FOR ILLUSTRATIVE PURPOSE ONLY!!! DVFS & thermal management parameters (trip points, CPU OPPs, policy) are all empirical and not optimized. Platform stability and reliability may not be guaranteed.

Known bugs/limitations

  • As H2 silicon characterization data are not available, all CPU OPPs use the same voltage. Only the CPU frequency is scaled, hence limiting thermal management efficiency.
  • We tried to also enable voltage scaling (defining empirical supply voltages). However, even if there was no error detected from SW side, the supply voltage did not physically change. We tracked the I2C data written to the chip registers and it looked coherent (a data byte was updated following voltage formula “300mV + 10mV*step”). As we couldn't get the DA9210 datasheet (including register map) in time to analyze registers configuration and so we couldn't debug it further.

How To

Upstream, H2 kernel already includes temperature sensor driver, but no thermal policy and cpufreq driver.

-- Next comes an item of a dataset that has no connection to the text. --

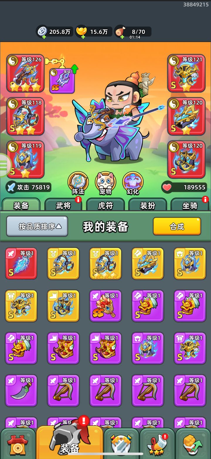 一眼扫过去能兑换的东西真不少,但是对咱们零氪、微氪玩家来说,实在没那么多葫芦籽来换,那咱就换点性价比最高的。什么坐骑、贤士、宠物蛋、器灵、武将结义道具、虎符洗练道具、符石都别考虑。 第一个值得换的是紫色虎符自选宝箱,能加快咱升级金2虎符(逗兽可以加快打BOOS的时间,也就是提高分数) 第二个值得换的就是神将印和武器打造锤(紫色和金色的都换,红色的太贵了,就不换了),武器实在难弄,

  1. (Optional) Add device tree ethernet support (to support bootp)
  2. Fix clock frequency change using kick bit
  3. Add CPUFreq support (originated by Guennadi Liakhovetski and updated with Device Tree support)
  4. Add missing clock handling to rcar-thermal driver when using device tree (temporarily HACK until DT support fixed]
  5. (Optional) Minor updates to rcar-thermal driver
  6. Register cpufreq cooling device, add passive trip point and bind it to thermal zone 0.
  7. (Optional) Boot all H2 8 cores (4*C-A15 + 4*C-A7)
    1. Enable multicluster operation on the kernel command using “apmu=multicluster”

All these changes are available in this branch, and with additional debug traces in this branch.

Results

Temperature sensor and CPU0 clock frequency were traced against time in 3 different scenarios:

  1. No Thermal Management, CPU Fan ON
  2. No Thermal Management, CPU Fan OFF
  3. Prototype Thermal Management Enabled, CPU Fan OFF

With the following conditions:

  • 4 C-A15 CPU cores 100% loaded
  • C-A7 cores not booted
  • Passive Trip Point set to 35C

The 4 C-A15 CPU cores were loaded using cpuloadgen tool, which sources can be found here.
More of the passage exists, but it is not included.